= Amiraslan Isgandarov =

Alleged head of a Salafist group in Baku, Azerbaijan

Amiraslan Alikhan oglu Isgandarov (Əmiraslan Əlixan oğlu İsgəndərov; born 1976) was the alleged head of a Salafist group in Baku, Azerbaijan.

From 1999 to 2003, he attended Afghan training camps, and ostensibly studied how to focus on recruiting young female mujahideen. TNT, grenades and detonators were seized during the arrest.

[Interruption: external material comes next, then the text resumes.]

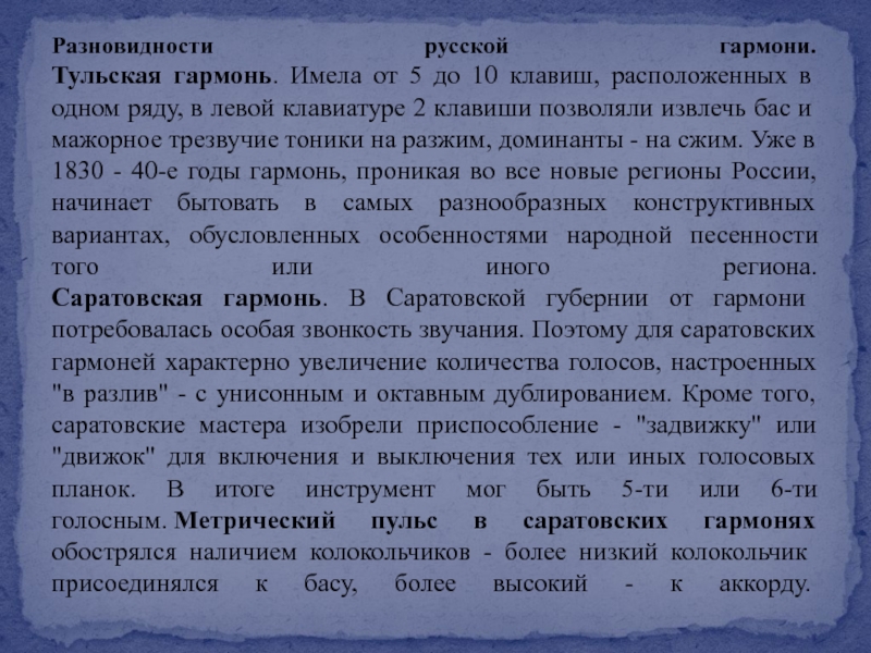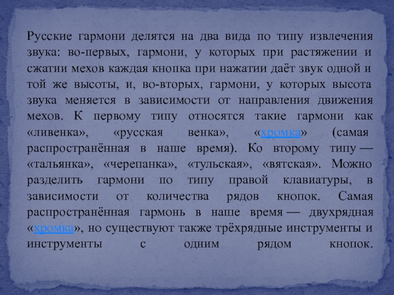 Русские гармони делятся на два вида по типу извлечения звука: во-первых,

The Ministry of National Security released a press notice claiming that Isgandarov "engaged in anti-Azerbaijan campaign[sic] among representatives of ethnic minorities instilling hosility and hatred towards Azerbaijan", and accused him of trying to form a "Jamaat" or army.

==Trial==
After a closed trial, Azerbaijan's Court for Serious Crimes passed sentence on Isgandarov and five accomplices, Alirza Macid oglu Babayev (b. 1965), Zaur Aliyevich Aliyev (b. 1984), Abdulla Mahammadovich Mahammadov (b. 1986), Sumgayit Hidayet Pirivey (b. 1971) and Rizvan Abdulgadirov. Isgandarov and Babayev were each sentenced to 14 years imprisonment, under 28.214.2.1 for illegal possession of explosives and ammunition, while Abdulla and Alivey were sentenced to 5 years under 228.2.1 and Abdulgadirov was sentenced to 3 years under 228.1.